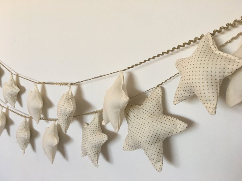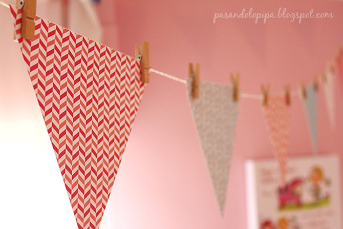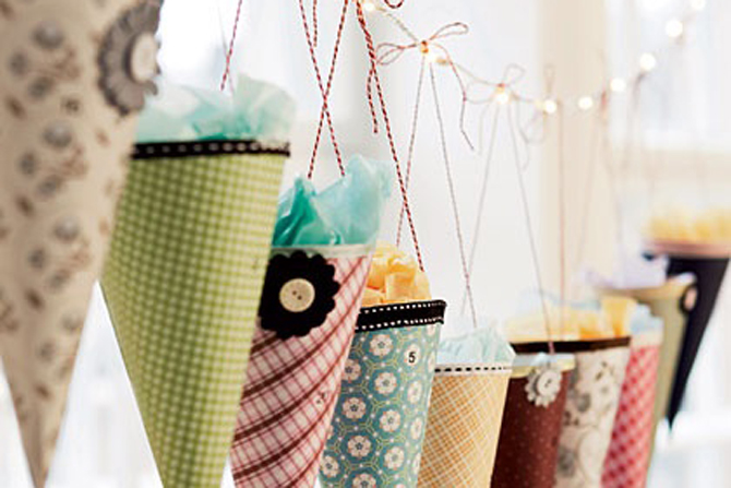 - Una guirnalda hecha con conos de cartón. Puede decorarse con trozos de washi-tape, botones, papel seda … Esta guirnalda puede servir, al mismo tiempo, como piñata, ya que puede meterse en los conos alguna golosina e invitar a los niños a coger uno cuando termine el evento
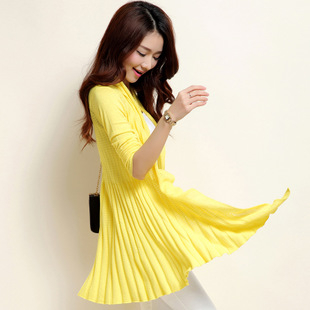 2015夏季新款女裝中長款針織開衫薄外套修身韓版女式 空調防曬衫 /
────────────────────────────────────────
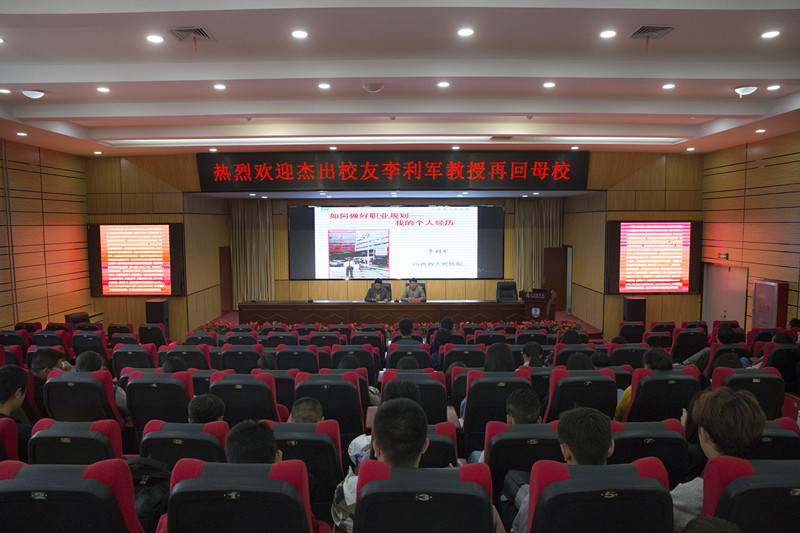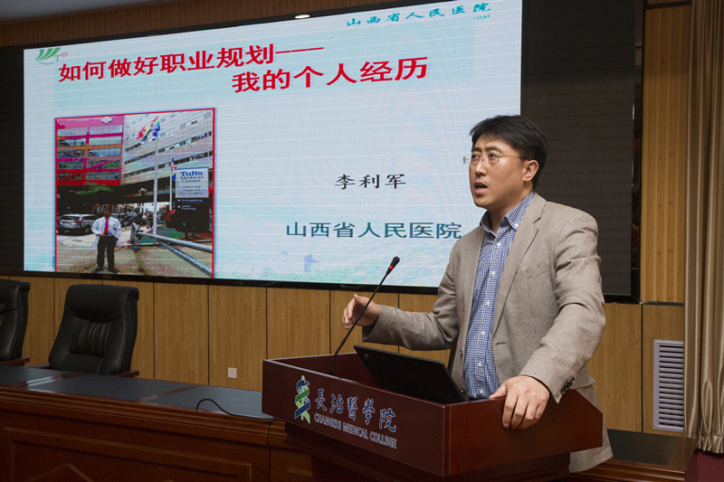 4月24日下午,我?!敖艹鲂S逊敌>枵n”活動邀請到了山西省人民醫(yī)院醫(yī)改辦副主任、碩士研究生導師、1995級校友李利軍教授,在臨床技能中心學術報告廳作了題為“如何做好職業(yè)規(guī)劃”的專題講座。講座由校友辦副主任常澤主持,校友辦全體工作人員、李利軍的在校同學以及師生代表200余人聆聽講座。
────────────────────────────────────────
[What to work on]
In the listing above, find the line with "- Una guirnalda" and the line with "2015夏季新款女裝中長款針織開衫薄外套修身韓版女式 空調防曬衫 /". Copy exactly those lines and all between them, minus the images.

[Exercise answer]
 - Una guirnalda hecha con conos de cartón. Puede decorarse con trozos de washi-tape, botones, papel seda … Esta guirnalda puede servir, al mismo tiempo, como piñata, ya que puede meterse en los conos alguna golosina e invitar a los niños a coger uno cuando termine el evento
 2015夏季新款女裝中長款針織開衫薄外套修身韓版女式 空調防曬衫 /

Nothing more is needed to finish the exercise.